> [Work required]: The whole listing below should be printed again exactly, with no images.

╭─ Given information

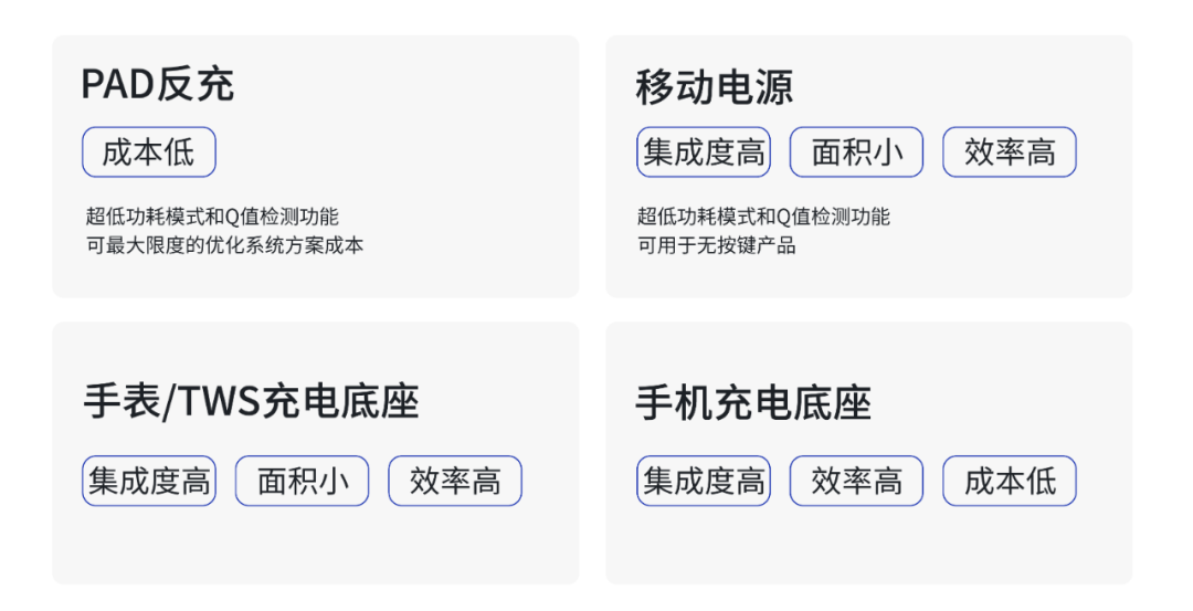 美芯晟在無線充電領(lǐng)域深耕數(shù)年,擁有全面覆蓋無線快充電源管理芯片的完整產(chǎn)業(yè)鏈核心技術(shù),關(guān)鍵性能指標(biāo)達到國際先進水平,產(chǎn)品豐富度在業(yè)內(nèi)領(lǐng)先,可滿足中小功率、大功率、車規(guī)級等不同的終端產(chǎn)品應(yīng)用需求。
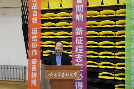 校篮球协会会长贺长志宣布校部教职工篮球赛开幕,到场嘉宾为首场比赛开球。
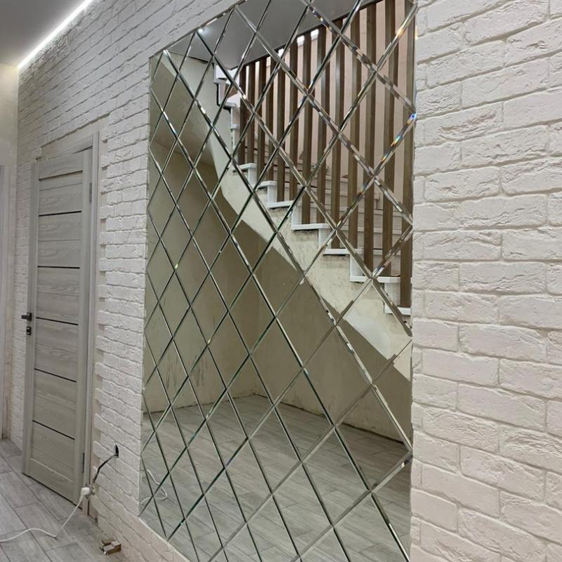 Использована серебристая квадратная зеркальная плитка размером 18х18.

╰─

> [Task result]:
 美芯晟在無線充電領(lǐng)域深耕數(shù)年,擁有全面覆蓋無線快充電源管理芯片的完整產(chǎn)業(yè)鏈核心技術(shù),關(guān)鍵性能指標(biāo)達到國際先進水平,產(chǎn)品豐富度在業(yè)內(nèi)領(lǐng)先,可滿足中小功率、大功率、車規(guī)級等不同的終端產(chǎn)品應(yīng)用需求。
 校篮球协会会长贺长志宣布校部教职工篮球赛开幕,到场嘉宾为首场比赛开球。
 Использована серебристая квадратная зеркальная плитка размером 18х18.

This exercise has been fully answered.